Pienso que por fin ha podido mostrar su incomodidad ante las revistas pornográficas que se cuecen en su casa. Pero el mensaje está dado: existen las revistas de mujeres con chuminos y las revistas “de categoría”. En las de categoría (lujo, alta gama, moda, femenina… como guste) también salen mujeres sexies, con transparencias, tacones altísimos y morritos apiñonados, pero, ojo, se trata de una invitación estética, de un artificio que sirve para soñar y que nada tiene que ver con la autoayuda genital.
Al darnos la mano como gesto final, aquel hombre dice con solemnidad y alegría: 'Esta será una revista de categoría, una revista sin chuminos'. Mi única respuesta es una risa imparable, compulsiva. También murmuro: '¡Qué asco!”.

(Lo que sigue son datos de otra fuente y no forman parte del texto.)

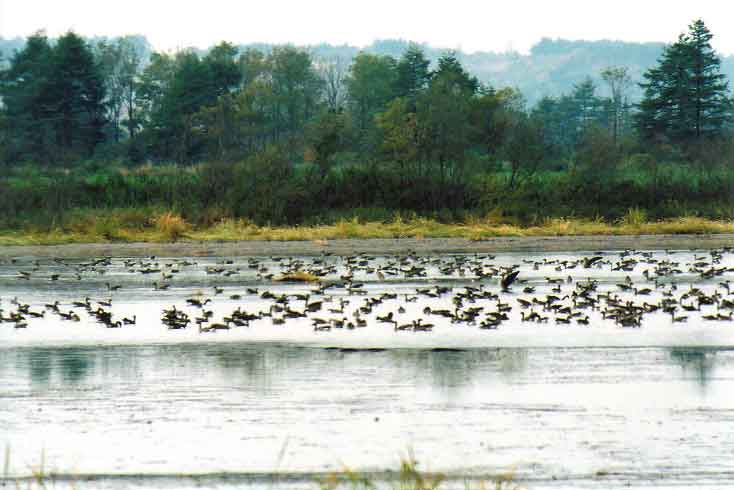 群れが集結した大沼、オオヒシクイは首を水中に入れ、盛んに水草を採食していた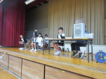 6限めに、運動会の最終係打ち合わせを行いました。運動場の状態が良くなかったため、体育館での実施となりましたが、運動会本番さながらの状況をつくり、それぞれの役割を確認しました。徒競走をモデルとしたため、走者は4年生がお助けで手伝ってくれていました。子どもたちも、本番を間近に控え、真剣に動きを確認する姿が印象的でした。一人ひとりが役割をきちんと果たすことで、競技や演技だけでなく、運動会すべてが成功につながります。5・6年生の皆さん、運動会の成功をめざしてがんばりましょう!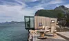 En av sjøhyttene på Manshausen i Steigen med Engeløya i bakgrunnen. (Foto: Morten Holt)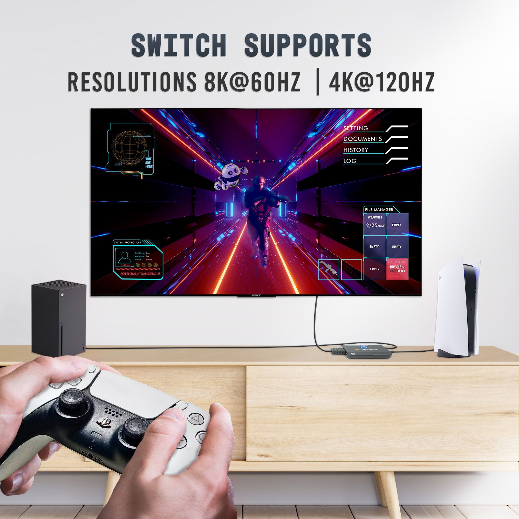 2x1 HDMI Switch – Connect Xbox and PS5 to a single display, supports 8K@60Hz, 4K@120Hz, HDR, Dolby Vision, and auto-switching for seamless gaming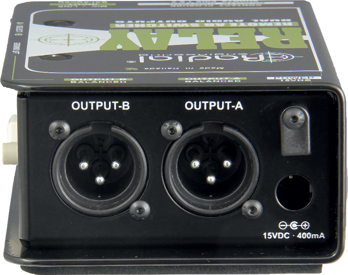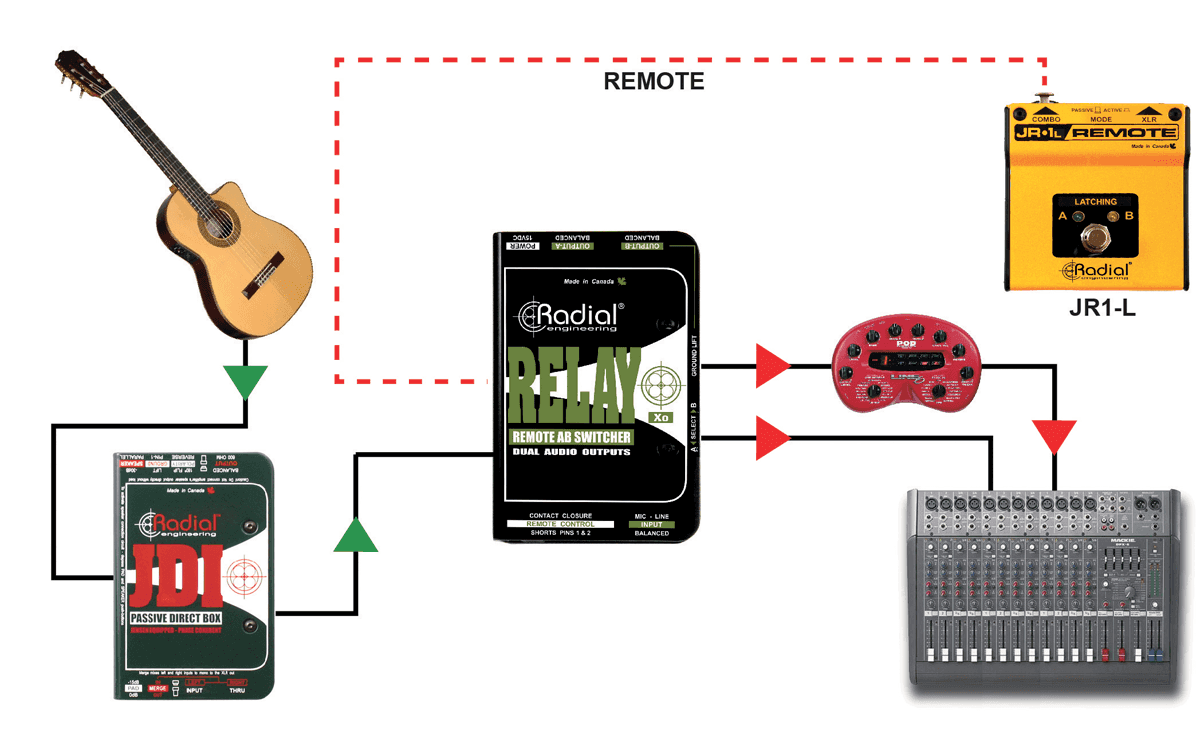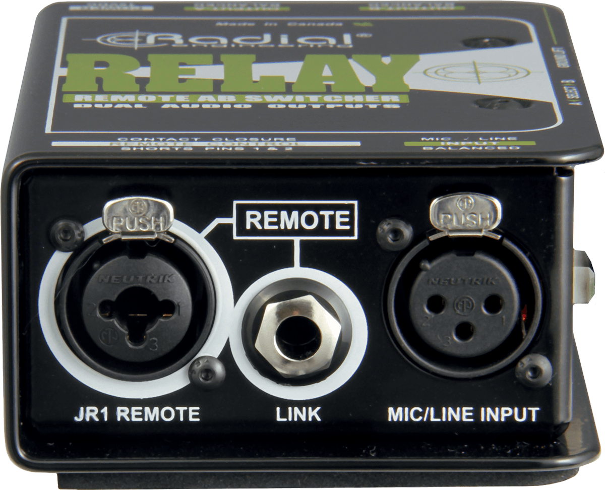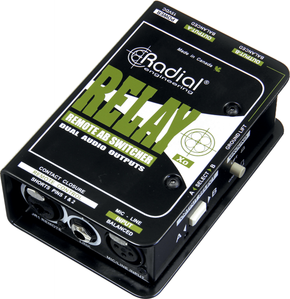 La commutation peut être effectuée en utilisant l'interrupteur situé sur le côté du boitier ou par commande à distance via les connecteurs XLR combo et jack 6,35mm en utilisant soit la pédale RadialJR1-L (à verrouillage) ou JR1-M (momentanée).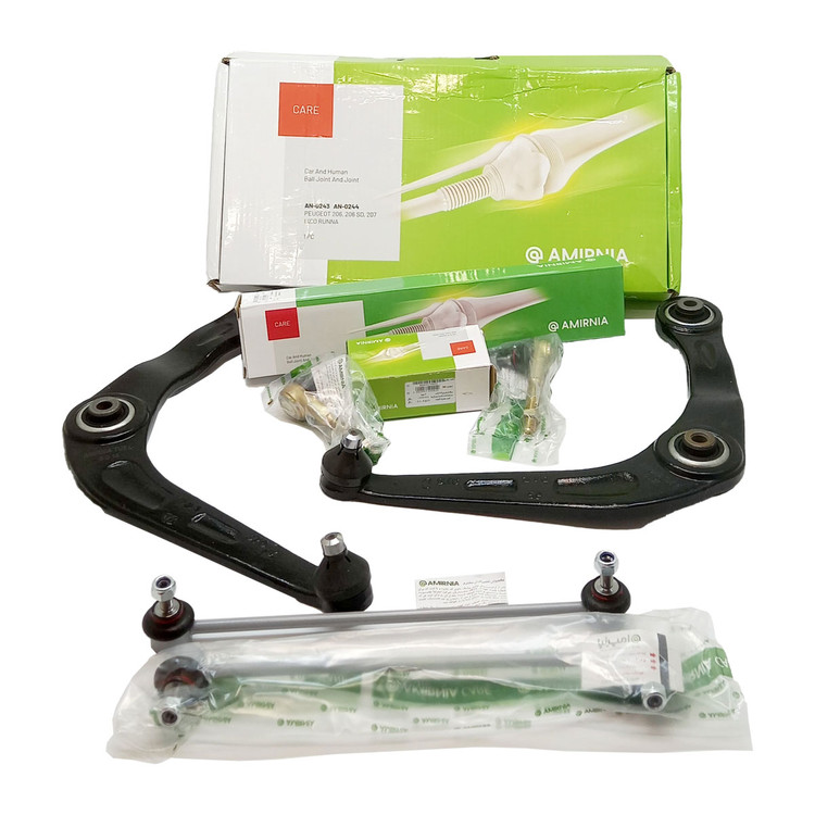 مجموعه شامل: 2 عدد طبق بوش فلزی (چپ و راست) ، 2 عدد سیبک فرمان (چپقی) ، 2 عدد میل موجگیر (تعادل)

Otoño en Madrid, 2015. En un puente aéreo abro el periódico: Playboy dejará de publicar mujeres desnudas. Un titular en pelotas nada más empezar el día. Una espera toda la vida una noticia así: que Bloomberg deje de dar noticias económicas o que Disney le cancele el contrato a Mickey Mouse. Hay que ir dejando cosas en la vida. Y Playboy quiere remontarse a más de 60 años de historia para defender que los desnudos empezaron como excusa para vender más ejemplares con entrevistas a Malcolm X y relatos de John Updike. Que su poderosa marca no se ciñe al desnudo vulgar que inunda la red y no merece una impresión a cinco tintas. Que Playboy quiere ser una revista “de categoría”, que no avergüence ni a lectores ni a anunciantes.

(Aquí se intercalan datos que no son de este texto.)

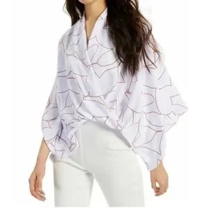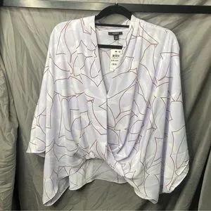 Alfani | This is a stylish white and purple blouse with a unique brown geometric design. Soft fabric. Perfect for any occasion. NWOT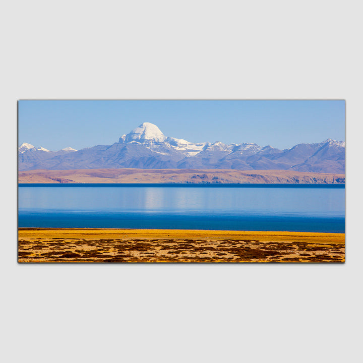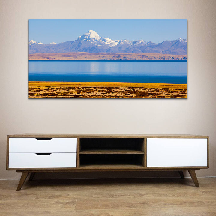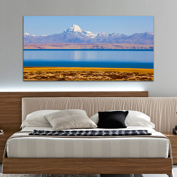 The canvas wall painting depicting a breathtaking mountain landscape overlooking a tranquil lake. Vibrant hues blend seamlessly to evoke the awe-inspiring beauty of the natural world, inviting viewers to immerse themselves in the peaceful ambiance of the scene. With each brushstroke, the rugged grandeur of the mountains and the serene calm of the reflective waters come to life, infusing any space with a sense of tranquility and wonderThis painting are perfectally used for living room,bedroom,kitchen, office, Hotel, dining room, office.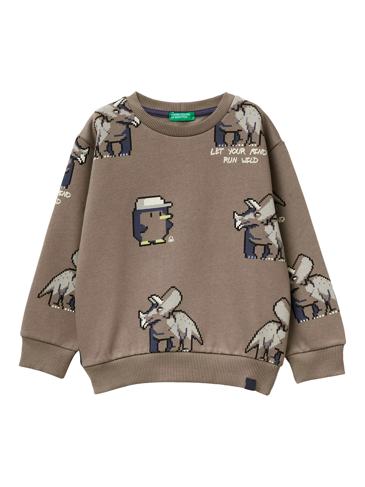 This long sleeve cotton blend sweatshirt features a lively graphic pattern and a comfortable crew neck, making it ideal for daily adventures or relaxed days at home.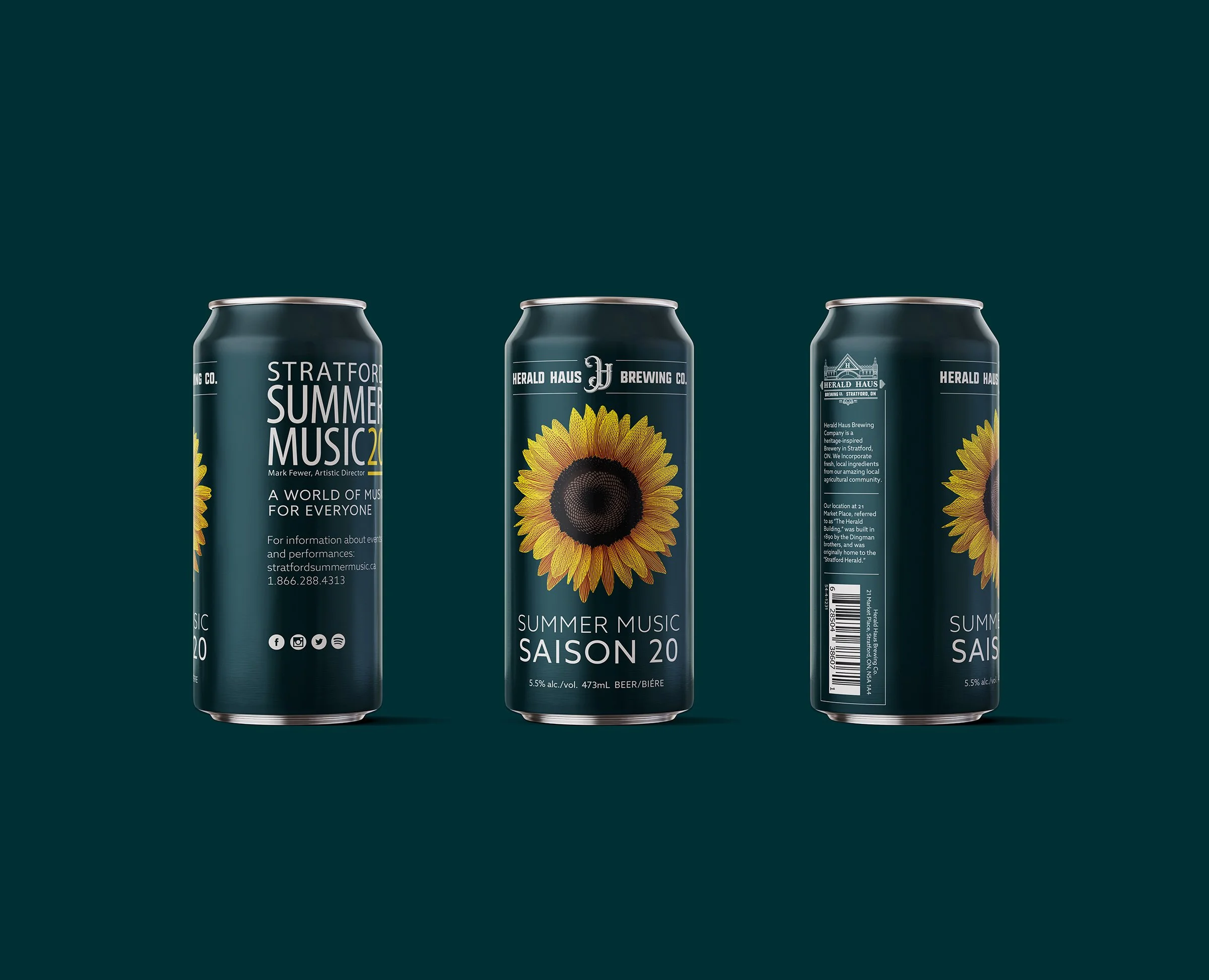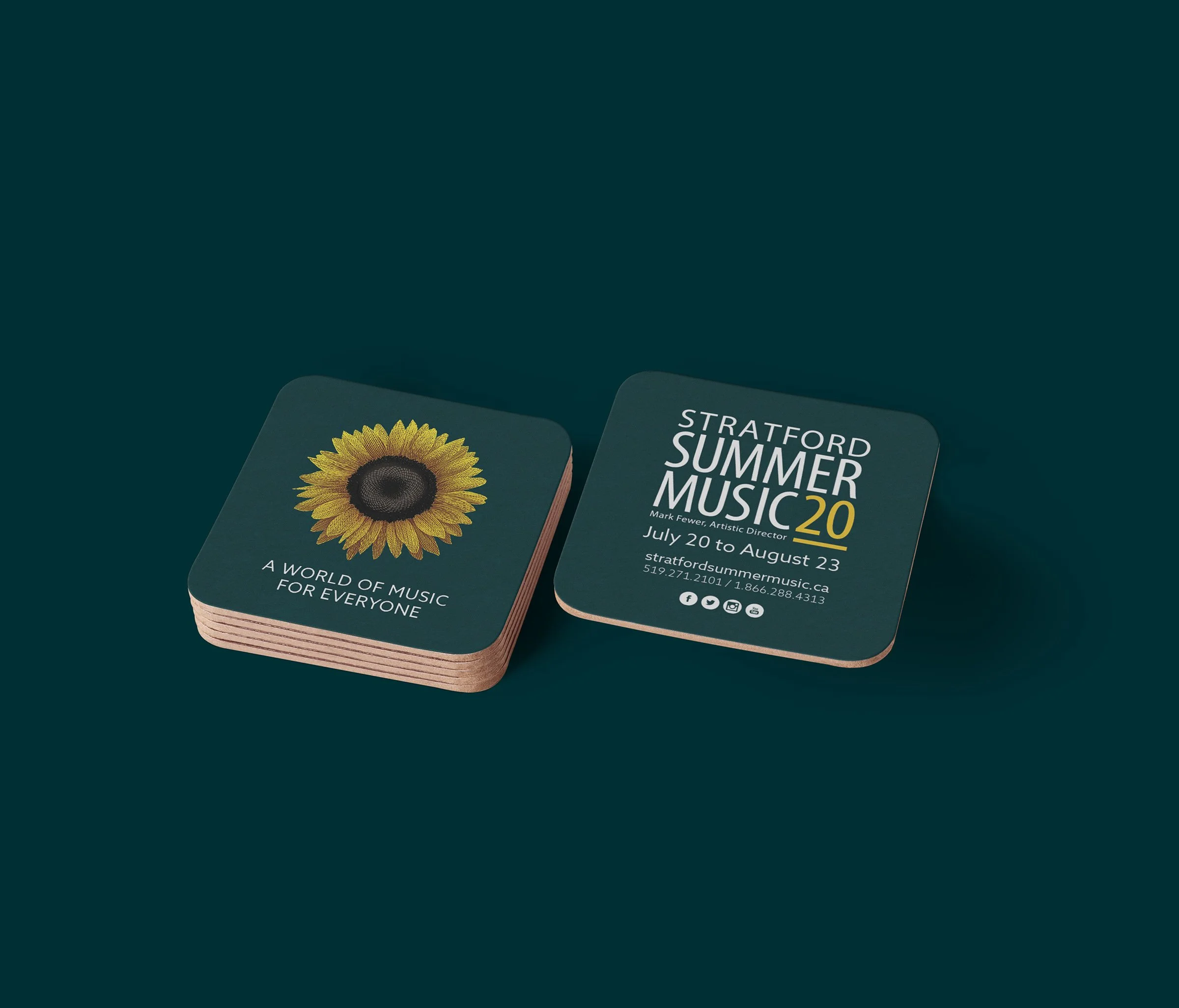 Stratford Summer Music is an annual multi-week music festival featuring 100+ artists throughout downtown Stratford, Ontario. Their performances span a variety of genres with the goal of bringing musical excellence to a wide audience including families and youth. The season illustration by Art Director Scott McKowen conveys a moment of wonder inspired by music and is the centrepiece of the 2020 season brand. I developed a new colour palette for the season based on the illustration as well as a new typography system prioritizing accessibility and consistency. I designed print and digital marketing materials for the festival including posters, flyers, programmes, and a 64-page magazine-style brochure featuring the festival’s complete offerings. The festival partnered with local breweries and restaurants to produce coasters and beer cans to capture the vibrant tourism and hospitality scene in Stratford.

De adolescente, aquellas mujeres de revista erótica me intimidaban. ¿De qué pasta estarán hechas para posar tan desinhibidas mientras abren su sexo, jugando a ser traviesas, con esas ridículas orejas de peluche que tanto daño han hecho por la infantilización del sexo femenino? Pero lo que es peor: cómo irían a comer el domingo a casa de sus padres. Pronto vino la compasión, cuando los filtros no lograban corregir sus cardenales y morados. A bien seguro que una parte de aquellas chicas, y algunas lo consiguieron, se morían por salir huyendo de los caprichitos de Hefner en la Mansión Playboy y posar con un Dior, bien recatadas, en revistas “de categoría”.

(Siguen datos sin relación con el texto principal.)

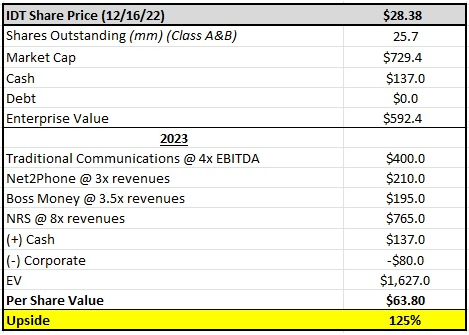 – Owning IDT today gives investors exposure to three high-growth subsidiaries within IDT, a traditional communications business run rating around $100mm in EBITDA, as well as a large net cash balance sheet and management’s capital allocation prowess.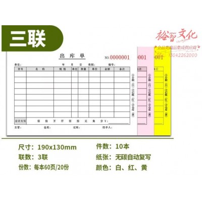无碳复写出库单 三联 32K 10本起售SKU:yzwhyp820279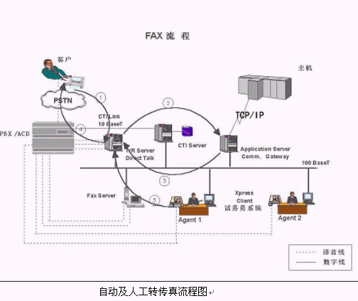 對Call Center而言,也有自動傳真和人工傳真兩種服務(wù),下面主要介紹前一種方式的流程。

El estereotipo de la chica Playboy fue descendiendo hacia la caverna, un anacronismo frente a la interactividad de Internet. Hoy, el perfil del consumidor de pornografía en papel pertenece enteramente al siglo XX. Las publicaciones para hombres ensayan un erotismo más intelectual y sutil, como el que abandera el libidinoso Frédéric Beigbeder en la resucitada Lui o el de la revista Odiseo de Albert Folch: buenos fotógrafos, chicas sin silicona ni clases de ginecología, sujetadores de Agent Provocateur y un ligero balanceo de curvas en blanco y negro. Se trata de desnudos más inmateriales. Un intento de desvestir la fotografía de moda, que forma parte de la idealización del papel que conforma el nuevo mantra: lo banal, a Internet.
En cuanto a las chicas Playboy, más urgente aún que vestirlas es quitarles las orejas y el pompón, por Dios.